Tutorials

Kolmogorov-Smirnov Test with SciPy

The Kolmogorov-Smirnov test compares distributions by measuring the largest difference between cumulative distribution functions. It can be used to compare a sample to a reference distribution or to compare two samples directly.

### Two-Sample KS Test

import numpy as np
from scipy import stats

np.random.seed(52)

sample_a = np.random.normal(loc=0, scale=1, size=120)
sample_b = np.random.normal(loc=0.6, scale=1.1, size=120)

result = stats.ks_2samp(sample_a, sample_b)

print(f"KS statistic: {result.statistic:.3f}")
print(f"P-value: {result.pvalue:.6f}")
KS statistic: 0.200
P-value: 0.016260
### Interpreting the Result

import numpy as np
from scipy import stats

np.random.seed(52)

sample_a = np.random.normal(loc=0, scale=1, size=120)
sample_b = np.random.normal(loc=0.6, scale=1.1, size=120)
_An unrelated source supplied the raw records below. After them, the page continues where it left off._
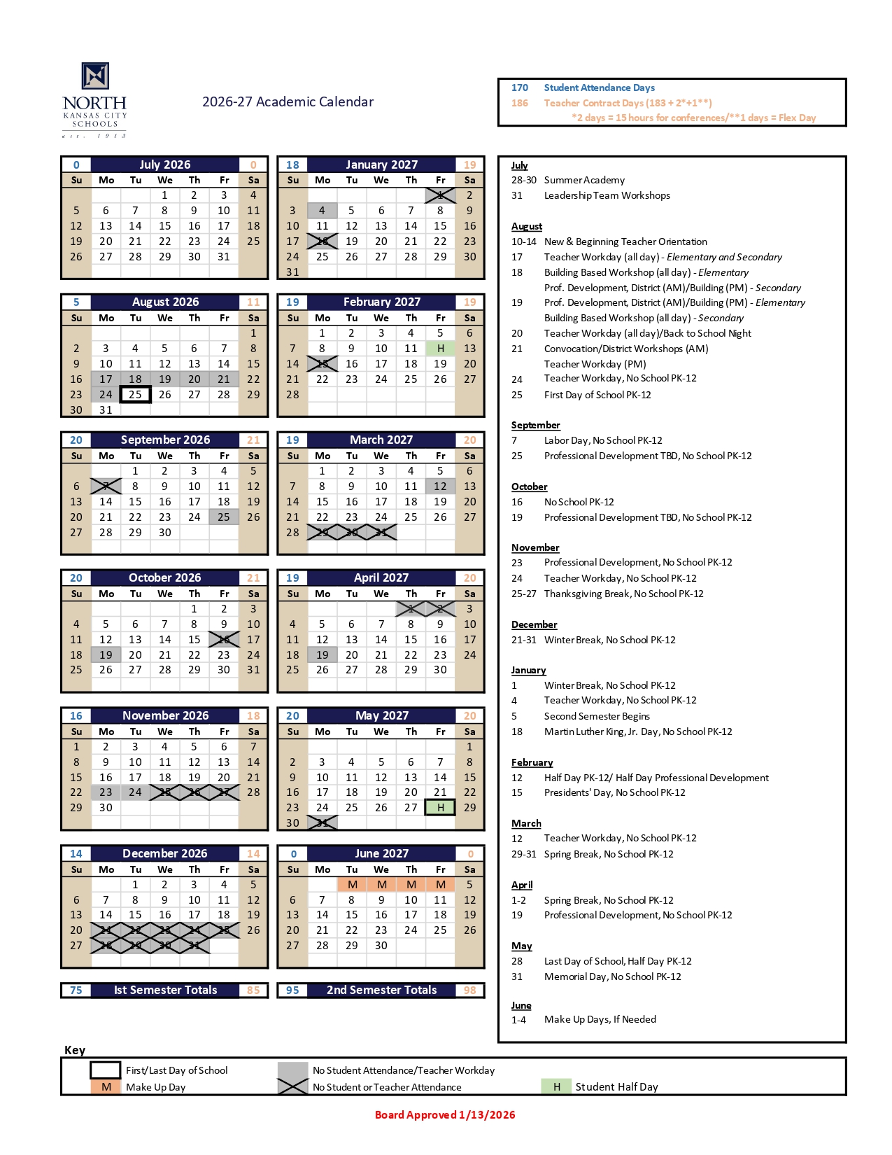 North Kansas City School District Calendar 2026-2027
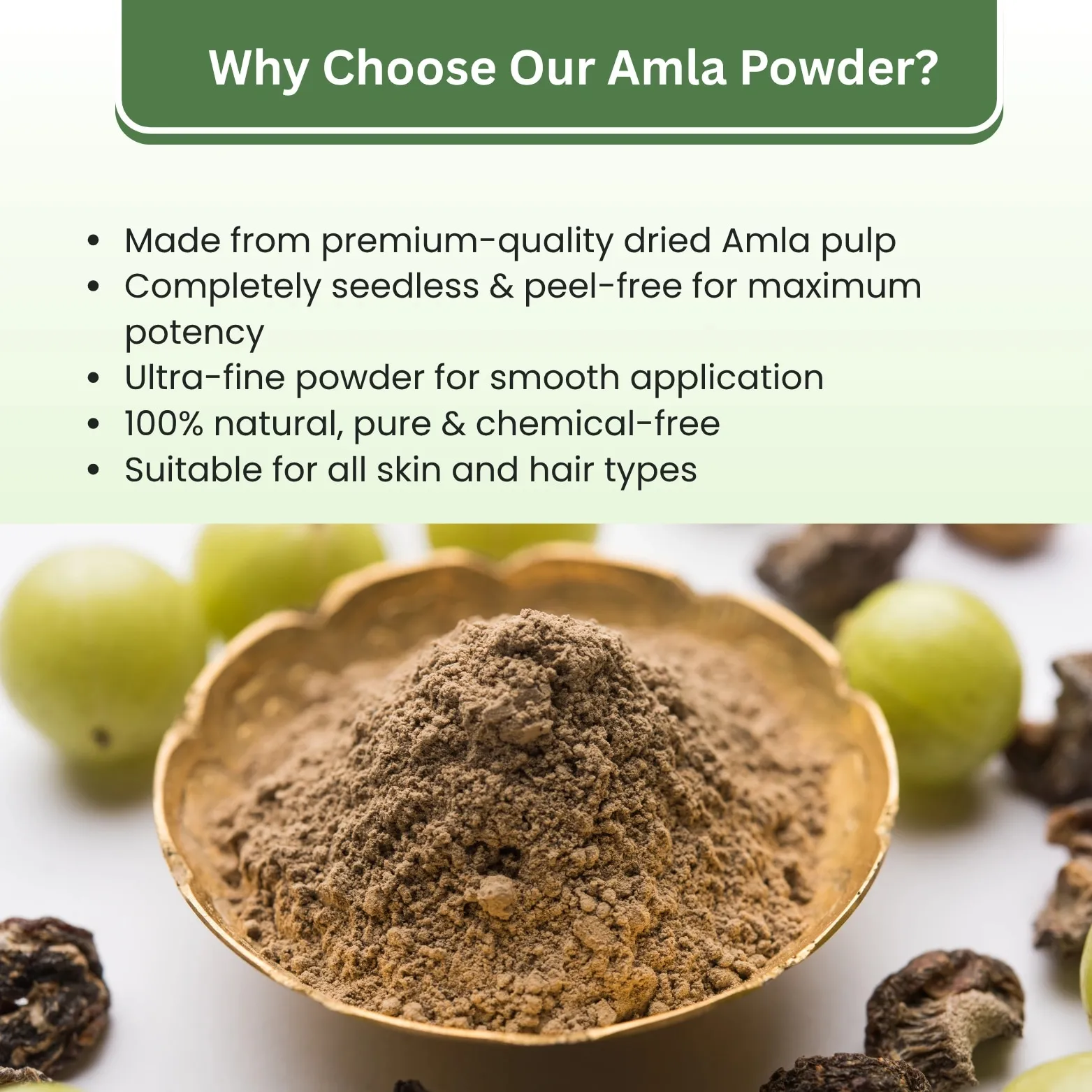 Our Amla Powder is crafted from 100% pure dried Amla pulp- completely free from seeds and peel- to retain maximum potency. It’s a powerhouse of Vitamin C and antioxidants that nourishes the scalp, boosts hair growth, reduces dandruff, and helps prevent premature greying.
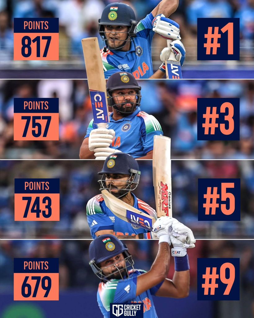 આંતરરાષ્ટ્રીય ક્રિકેટ પરિષદ (ICC) ન ફક્ત ટીમ રેન્કિંગ પર નજર રાખે છે પરંતુ તમામ ખેલાડીઓના બેટિંગ અને બોલિંગ પ્રદર્શન પર પણ નજર રાખે છે. ભારતીય ખેલાડીઓ ICC રેન્કિંગમાં પ્રભુત્વ ધરાવે છે. ટેસ્ટ, ODI અને T20 બેટિંગ રેન્કિંગમાં નવ ભારતીય ખેલાડીઓનો સમાવેશ થાય છે. આ યાદીમાં શુભમન ગિલ, રોહિત શર્મા, વિરાટ કોહલી, શ્રેયસ ઐયર અને અભિષેક શર્મા સહિત અનેક સ્ટાર ખેલાડીઓનો સમાવેશ થાય છે.
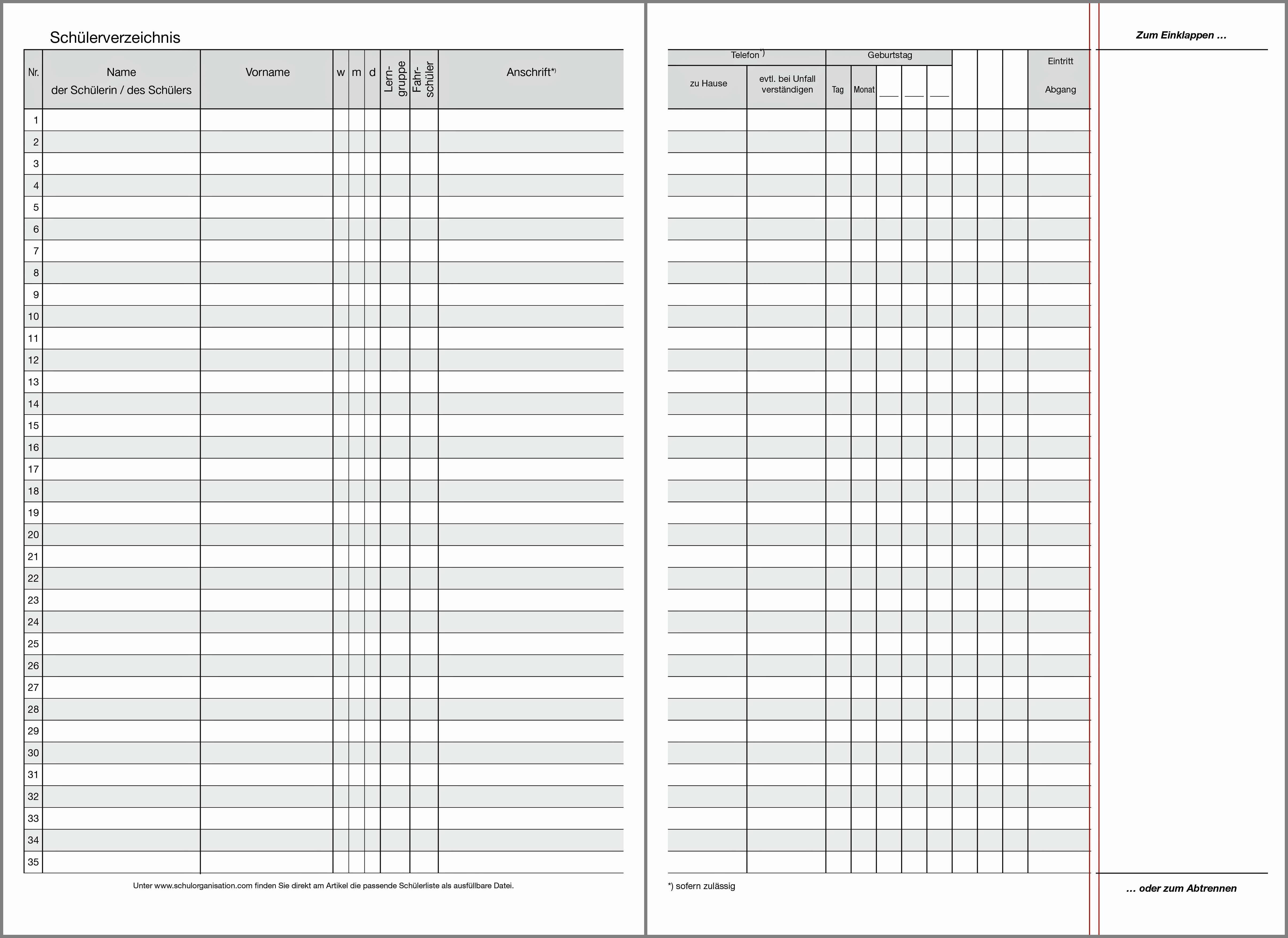 Klassenbuch wochenweise mit ausführlichem Schülerverzeichnis, Seiten zu den

result = stats.ks_2samp(sample_a, sample_b)

if result.pvalue < 0.05:
    print("Reject the null hypothesis: the samples come from different distributions.")
else:
    print("Fail to reject the null hypothesis: the samples could come from the same distribution.")
Reject the null hypothesis: the samples come from different distributions.
### Visualizing the Samples

import numpy as np
import matplotlib.pyplot as plt

np.random.seed(52)

sample_a = np.random.normal(loc=0, scale=1, size=120)
sample_b = np.random.normal(loc=0.6, scale=1.1, size=120)

plt.figure(figsize=(9, 5))
plt.hist(sample_a, bins=18, alpha=0.6, density=True, label="Sample A")
plt.hist(sample_b, bins=18, alpha=0.6, density=True, label="Sample B")
plt.title("Two Samples Compared with KS Test")
plt.xlabel("Value")
plt.ylabel("Density")
plt.legend()
plt.show()
### One-Sample KS Test Against a Normal Distribution

import numpy as np
from scipy import stats

np.random.seed(70)

sample = np.random.normal(loc=0, scale=1, size=100)
result = stats.kstest(sample, "norm")

print(f"One-sample KS statistic: {result.statistic:.3f}")
print(f"P-value: {result.pvalue:.6f}")
One-sample KS statistic: 0.084
P-value: 0.453159
### Practical Example: Comparing Load Time Distributions

import numpy as np
import matplotlib.pyplot as plt
from scipy import stats

np.random.seed(83)

before = np.random.lognormal(mean=1.9, sigma=0.25, size=100)
after = np.random.lognormal(mean=1.7, sigma=0.20, size=100)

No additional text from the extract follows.